2022 yılının bitmesine sayılı günler kalmıştı. 
27 Aralık akşam üzeriydi ve bir haber; Baban öldü dediler. Babam son dönemlerinde iyi değildi. Ve bizde evet bekliyorduk bu haberi !
Umut azalmıştı çünkü, ama bu sözü duyunca o an donup kalıyor insan !
Şaşırdım ne yapacağımı bilemedim o an babama gitmek istedim,sormak için! Baba şimdi ne yapmam gerekiyor diye ?
Ama babam yoktu ve artık olan olmuştu. Hastahaneye gittik gerekenler yapıldı. 

Ertesi sabah kardeşlerim ile beraber,Babamı kendi ellerimle yıkadım ve kendi ellerimle toprağın koynuna koydum.Üzerini bir yorgan gibi toprak ile örttük.Ve anladım ki beni bu dünyada, büyütmeye çalışan, yetiştirmeye çalışan koruyan,kollayan düzgün doğru bir insan olmam için  uğraşan ve hiç bir canlıya zarar vermeyen, zarar görmesin diye didinen uğraşan, sadece sesi ile arkamda bir yüce dağ gibi duran ve bu gücü hep hissettiren babam artık yok ve olmayacak! 
Ve anladım ki onun ardından geride sahip olduğum mal mülk ve para ile hiç bir kan bağımın olmadığını!
Baba kaybı çok ayrı ve acı bir hismiş meğer!

Ve o andan sonra insan soruyor kendisine;
O zaman bu hırs niye !
Bu doyumsuzluk niye !
Anladım ki büyümüşüm ben ve 
Büyüdüğümü bize meyveler sebzeler,buğdaylar veren toprak öğretiyormuş meğer!
Babamı içine alan toprak o gün orada….

Hayat hep birşeyler öğretmeye devam ediyor hiç beklemediğin anlarda bile olsa ! 
Ertesi gün Hollanda’dan arkadaşım aradı beni başsağlığı için 5  yıl beraber arabayla, her hafta sonu Fransa'ya gidip geldiğim, 5 yılı beraber paylaştığım arkadaşım, kardeşim gibi gördüğüm sevgili Şaban aradı.
Abi Hollanda ya ne zaman geliyorsun diye!

Bende 'aksilik olmaz ise Şubat gibi geleceğim Amsterdam’a Şaban' dedim.
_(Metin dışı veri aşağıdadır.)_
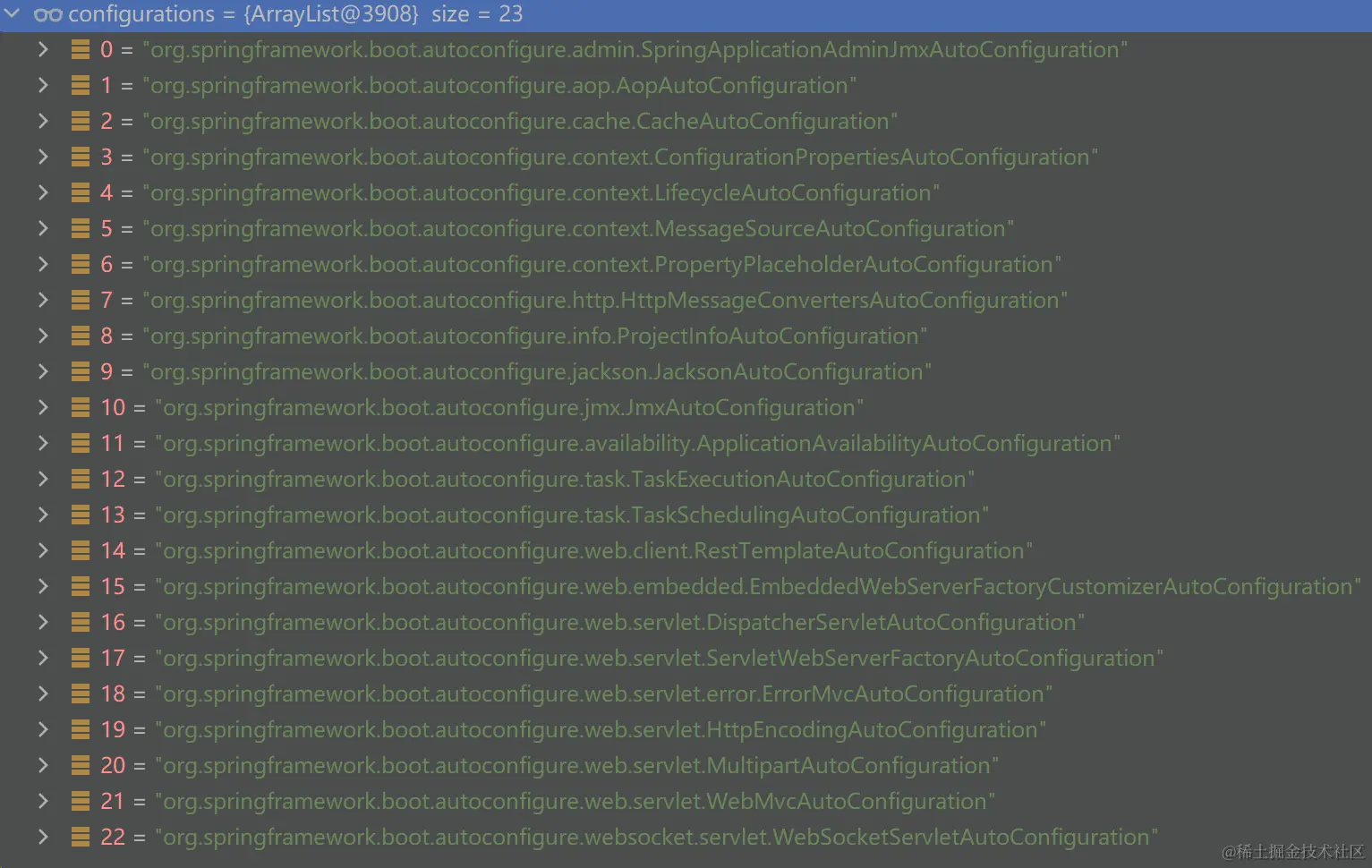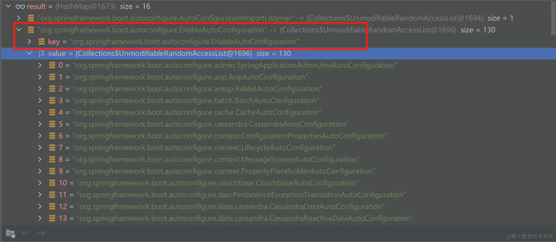 loadFactoryNames方法只是传递一个org.springframework.boot.autoconfigure.EnableAutoConfiguration作为key,然后取到对应的自动配置类列表。 最终调用的是loadSpringFactories方法,loadSpringFactories会从jar包中找到spring.factories文件然后将其中的自动配置类存到一个map中,从下图可以看到map中存在很多bean,loadFactoryNames方法在加载自动配置类时只取了一个key。弱水三千,只取一瓢。

Oda 'tamam abi geldiğinde eşim ile geleceğiz başsağlığına' dedi. 
Ve 11 Şubat geldi biz istanbul’dan bindik uçağa Amsterdam’a uçtuk. Havaalanına indiğimizde ve bavul beklerken bir telefon;

'Şaban öldü' dediler.
Hiç beklemediğin bir haber ve ölüm! O bana başsağlığına gelecek iken ben ordan onun evine başsağlığına gidiyorum. Daha çok gençti henüz 41 yaşındaydı. 
Ve anlıyorsun ki insanoğlu işte başına her an ne geleceğini bilemiyorsun..

Ve 10 ilimizi etkileyen yüzyılın felaketi deprem vurdu ülkemizi..
Binlerce çocuk, genç, yaşlı demeden gelen ölümler, yaralılar.
Geride yıkılan evler, kalan enkazlar...
O kadar çok acı varki ! 
Artık alışıyorsun başkada çaren kalmıyor,çünkü bu acılar insan için varmış diyorsun..
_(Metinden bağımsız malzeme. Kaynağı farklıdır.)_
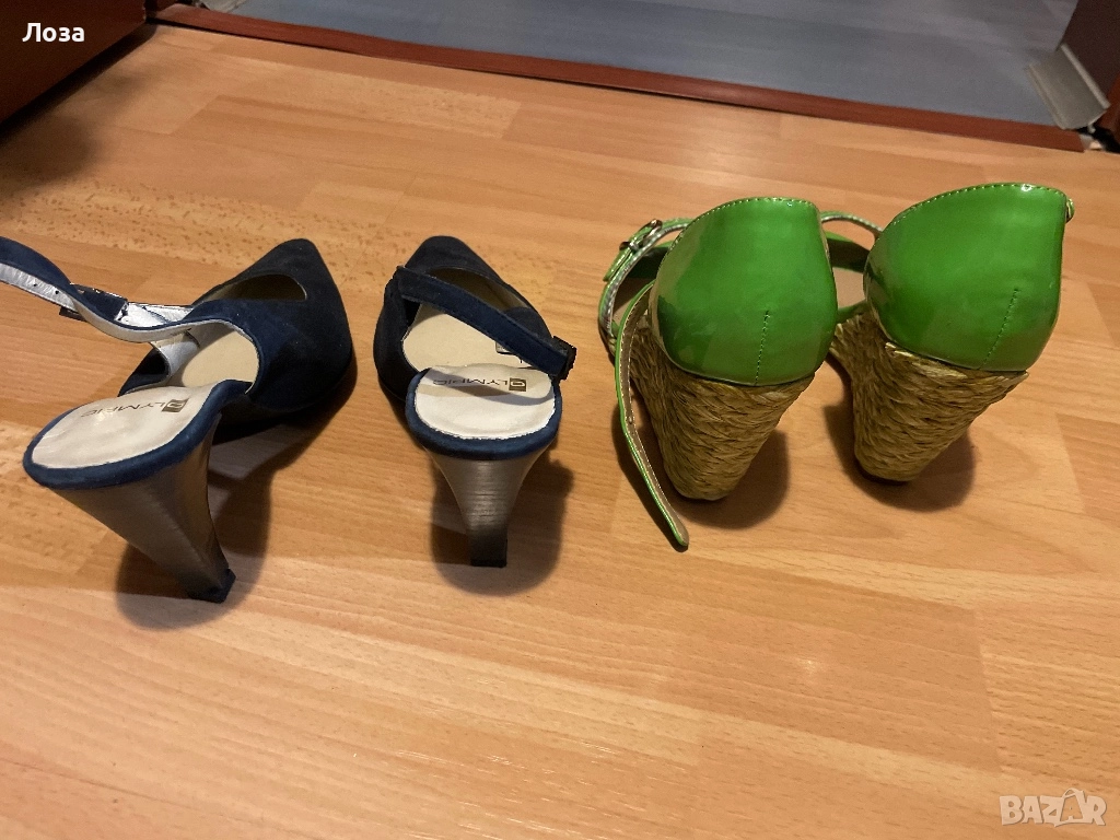 Обувките са като нови - зелените са само пробвани, тъмно сините са носени 1-2 пъти

Artık yetinebilirliği öğrettim kendime. 
Her şartta her koşulda bir beden olarak kendime yetebilmeyi
Kalp kırmamayı,
İnsan üzmemeyi ve 
Seni yalnız hissettiren insanlar ile olmaktan ise uzak kalmayı ve kendi başına yalnız kalmanın belkide daha huzur verici olduğunu öğrettim kendime..

Mecburi ortamın olmadığını istediğin an çek git özgürlüğünün olduğunu,
Laf yetiştirme derdi , üstünlük çabaları,sevmiyor ama seviyor görünümü,beğenmiyor ama beğeniyor izlenimi..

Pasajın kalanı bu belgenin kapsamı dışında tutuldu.